- _Data under study_

▽

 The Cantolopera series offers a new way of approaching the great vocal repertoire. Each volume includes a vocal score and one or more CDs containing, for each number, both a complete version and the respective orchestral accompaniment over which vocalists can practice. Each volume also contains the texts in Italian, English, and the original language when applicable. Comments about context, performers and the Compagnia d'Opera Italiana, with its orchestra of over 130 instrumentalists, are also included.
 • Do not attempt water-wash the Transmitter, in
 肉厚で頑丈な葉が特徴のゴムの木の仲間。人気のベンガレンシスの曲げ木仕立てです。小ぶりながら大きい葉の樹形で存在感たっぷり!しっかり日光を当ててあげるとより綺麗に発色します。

△
▽

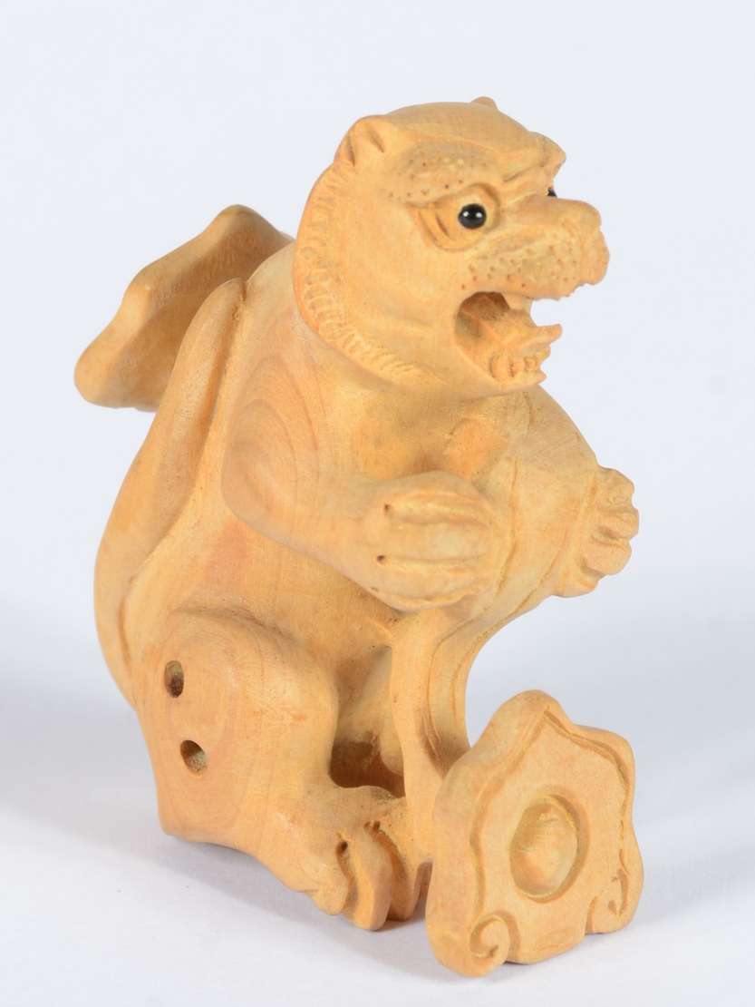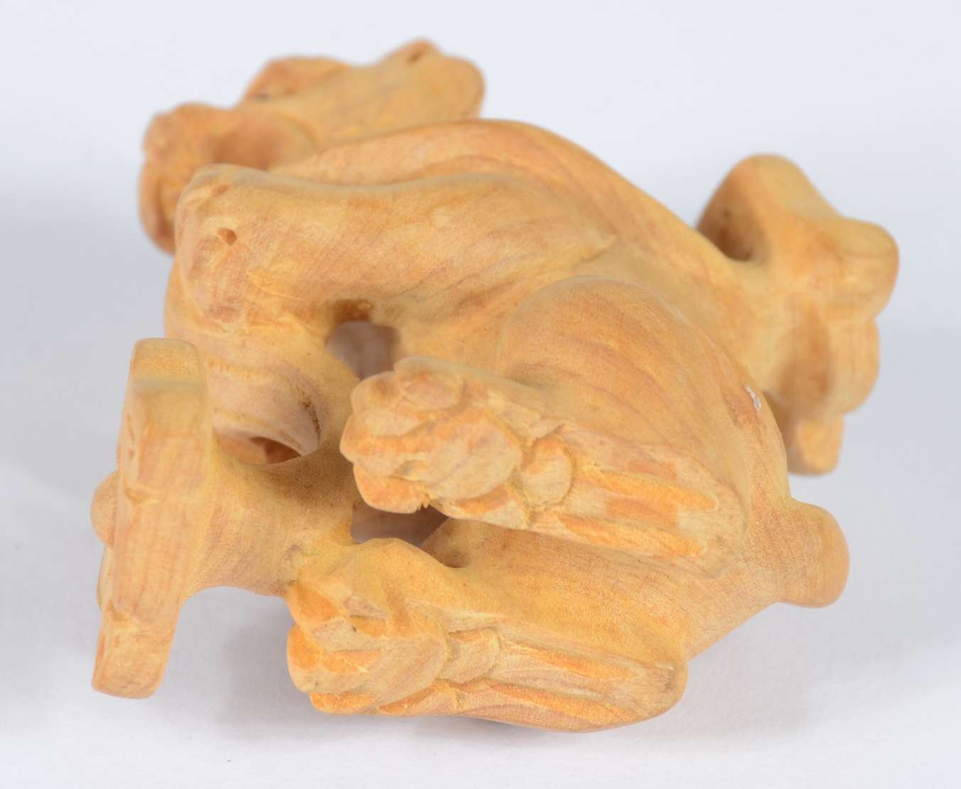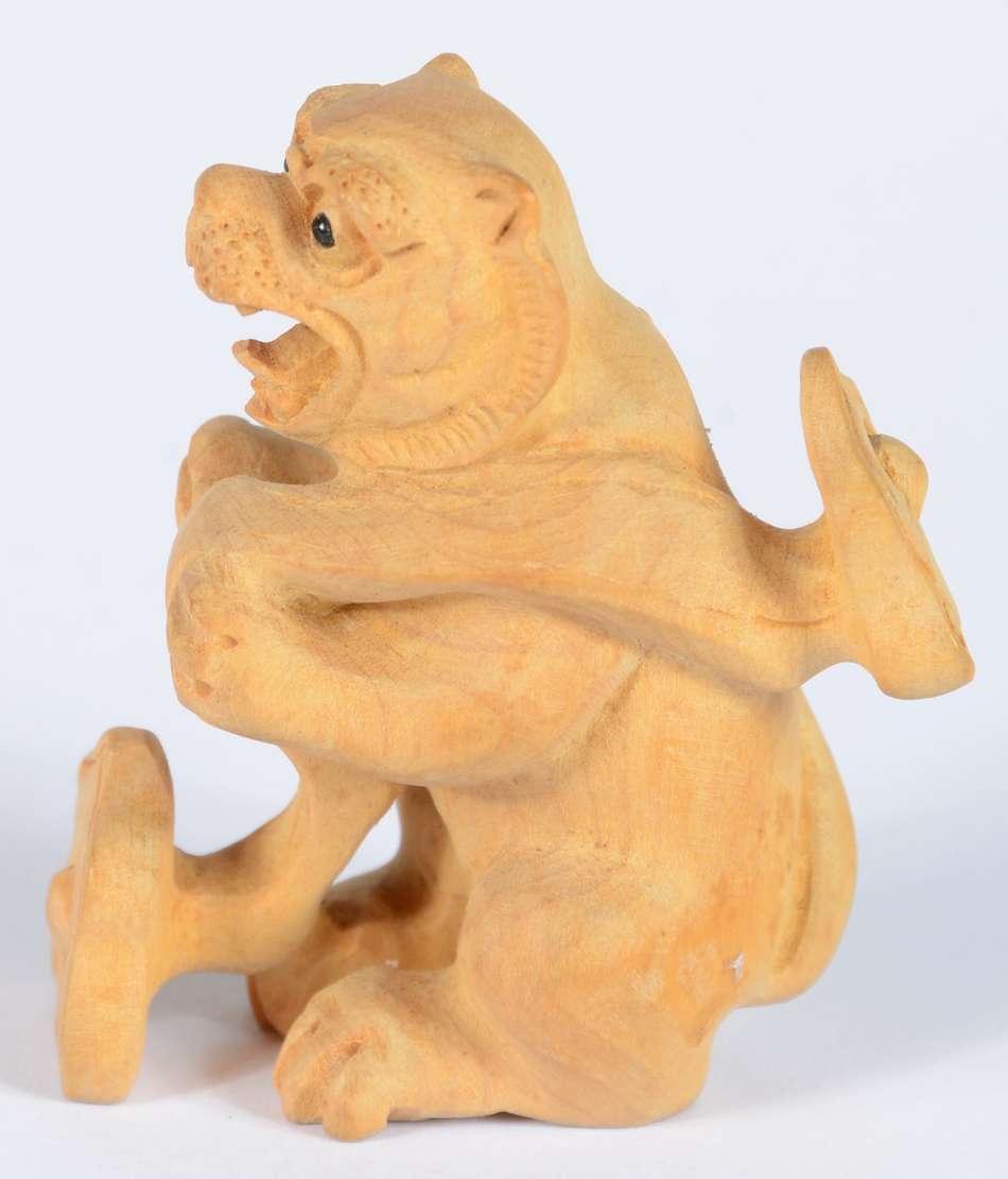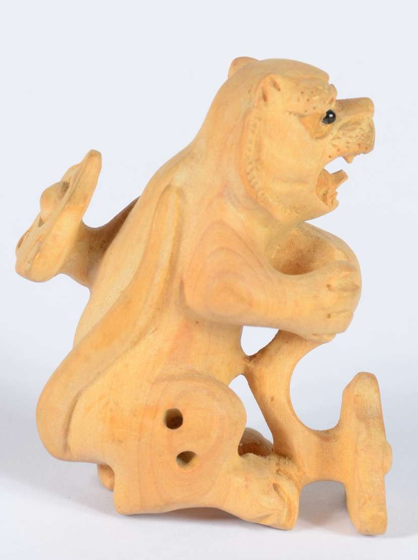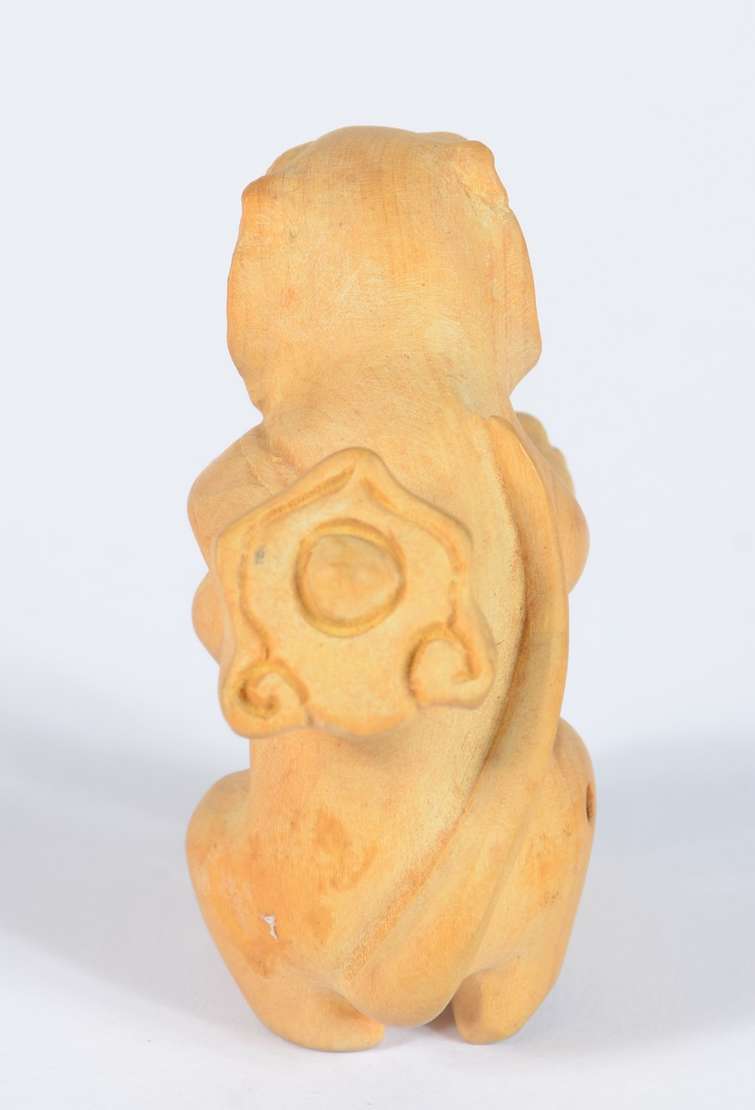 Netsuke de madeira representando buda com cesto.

△

- _Task prompt_
Using the records above, restate word for word the lines from the one with "The Cantolopera series" through the one with "肉厚で頑丈な葉が特徴のゴムの", both included.

- _Final answer_
 The Cantolopera series offers a new way of approaching the great vocal repertoire. Each volume includes a vocal score and one or more CDs containing, for each number, both a complete version and the respective orchestral accompaniment over which vocalists can practice. Each volume also contains the texts in Italian, English, and the original language when applicable. Comments about context, performers and the Compagnia d'Opera Italiana, with its orchestra of over 130 instrumentalists, are also included.
 • Do not attempt water-wash the Transmitter, in
 肉厚で頑丈な葉が特徴のゴムの木の仲間。人気のベンガレンシスの曲げ木仕立てです。小ぶりながら大きい葉の樹形で存在感たっぷり!しっかり日光を当ててあげるとより綺麗に発色します。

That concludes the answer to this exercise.